Best Agent Architecture for Conversational Chatbot Using Remote MCP Tools

HailHydra863 · November 10, 2025, 7:00pm

Hi everyone,

I’m working on a personal project - building a conversational chatbot that solves user queries using tools hosted on a remote MCP (Model Context Protocol) server. I could really use some advice or suggestions on improving the agent architecture for better accuracy and efficiency.

Project Overview

The MCP server hosts a set of tools (essentially APIs) that my chatbot can invoke.
Each tool is independent, but in many scenarios, the output of one tool becomes the input to another.
The chatbot should handle:
- Simple queries requiring a single tool call.
- Complex queries requiring multiple tools invoked in the right order.
- Ambiguous queries, where it must ask clarifying questions before proceeding.

What I’ve Tried So Far

1. Simple ReAct Agent

A basic loop: tool selection → tool call → final text response.
Worked fine for single-tool queries.
Failed/ Hallucinates tool inputs for many scenarios where mutiple tool call in the right order is required.
Fails to ask clarifying questions whenever required.

2. Planner–Executor–Replanner Agent

The Planner generates a full execution plan (tool sequence + clarifying questions).
The Executor (a ReAct agent) executes each step using available tools.
The Replanner monitors execution, updates the plan dynamically if something changes.

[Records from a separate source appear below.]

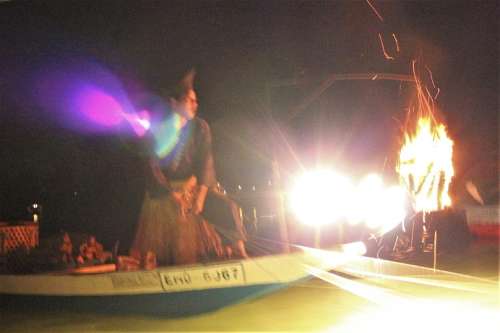 漁火を炊いた鵜飼い船の向こうに見えるのは
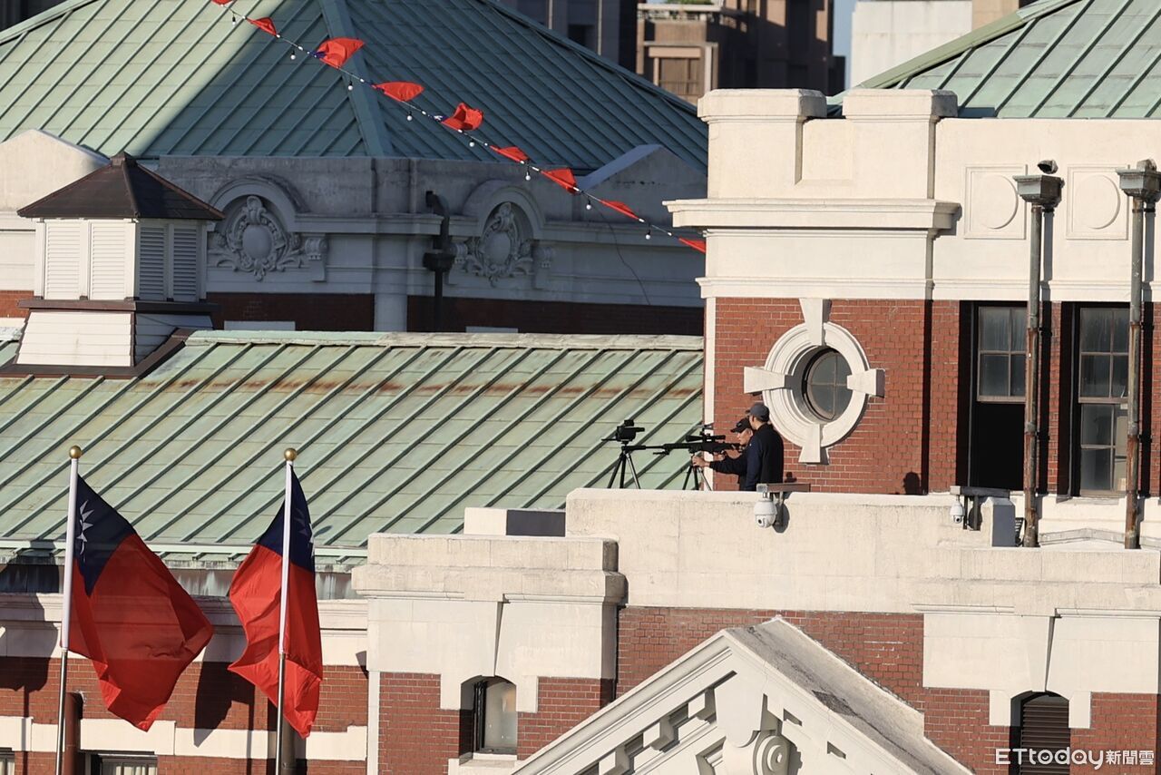 ▼雙十國慶大會總統府前廣場進行場地佈置,而狙擊手也現身,高規格維安。(圖/記者徐文彬攝)
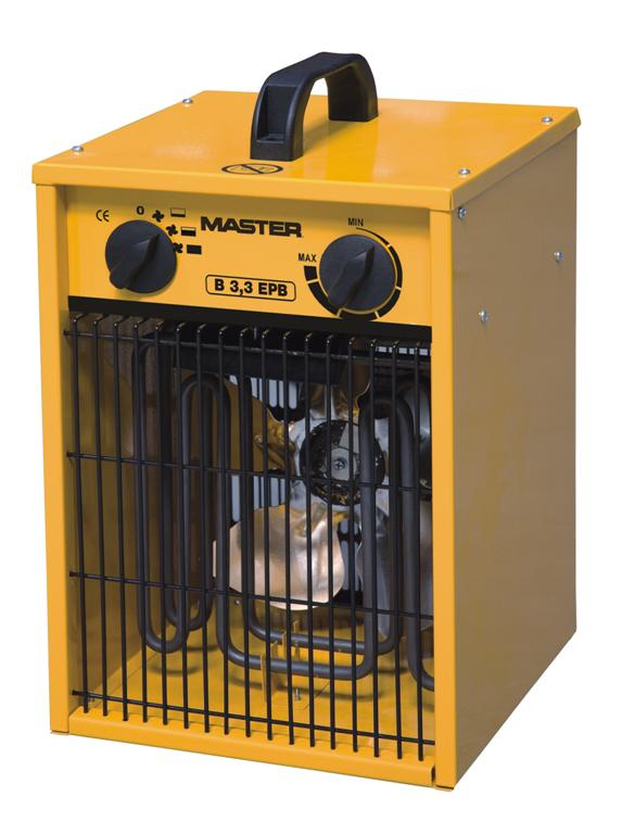 Sähköllä toimiva laadukas 3,3 kW:n Master rakennuslämmitin.Jännite 230 V / 50 Hz Virrankulutus 14.5 A Teho 1,65-3,3 kWIlmamäärä 510 m³/h Termostaatin säätö 5-35 °C Mitat P x L x K 280 x 270 x 420mm Nettopaino 5,1 kg Termostaatti vakiovarusteena
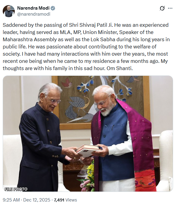 Prime Minister Narendra Modi was among the first to extend his condolences via X (formerly Twitter), acknowledging Shivraj Patil’s extensive service to the nation and the Congress party.
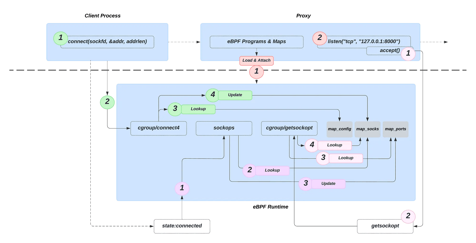 用 eBPF 实现透明代理涉及三个 eBPF 程序,每个程序负责网络拦截和转发的不同功能:
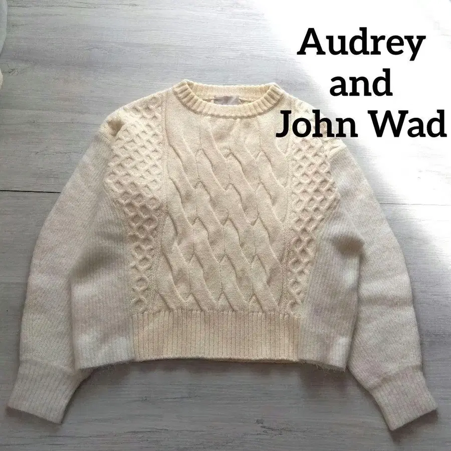 [오드리앤존와드] 케이블 니트 드롭 숄더 바이컬러
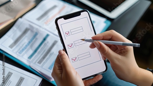 Close-up of hands using a pen to fill out a digital form on a smartphone, with documents and a tablet in the background..
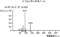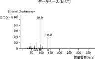 Institute  of  Standards  and  Technology)データベースと比較することで、2-フェノキシエタノールが特定された。図2は、生体ガス中の2-フェノキシエタノール(2-Phenoxyethanol)のマススペクトルデータであり、図3は、NISTデータベースのEthanol,2-phenoxy(2-フェノキシエタノールと同義)のマススペクトルデータである。図2及び図3におけるマススペクトルを対比すると、ほぼ同一の質量電荷(m/z)において同様のスペクトルピークが観察された。このようにして2-フェノキシエタノールが生体ガスとして含まれることが特定された。Subject's biogas adsorbed on each sorbent by heating each sorbent (during the stress task, after the stress task, during the relax task, after the relax task) collected from each subject's armpit identified above. was detached. Mass spectral data of the biogas was obtained by analyzing the desorbed biogas with a gas chromatography-mass spectrometry (GC/MS (manufactured by Agilent Technologies)). Using the company's analysis software, this mass spectrum data is analyzed by the National Institute of Standards and Technology (NIST).

Pros: Significantly improved accuracy for complex tasks.
Cons: Latency became a big issue — responses took 15s–60s per turn, which kills conversational flow.

Performance Benchmark

To compare, I tried the same MCP tools with Claude Desktop, and it was impressive:

Accurately planned and executed tool calls in order.
Asked clarifying questions proactively.
Response time: ~2–3 seconds. That’s exactly the kind of balance between accuracy and speed I want.

What I’m Looking For

I’d love to hear from folks who’ve experimented with:

Alternative agent architectures (beyond ReAct and Planner-Executor).
Ideas for reducing latency while maintaining reasoning quality.
Caching, parallel tool execution, or lightweight planning approaches.
Ways to replicate Claude’s behavior using open-source models (I’m constrained to Mistral, LLaMA, GPT-OSS).

Lastly,
I realize Claude models are much stronger compared to current open-source LLMs, but I’m curious about how Claude achieves such fluid tool use.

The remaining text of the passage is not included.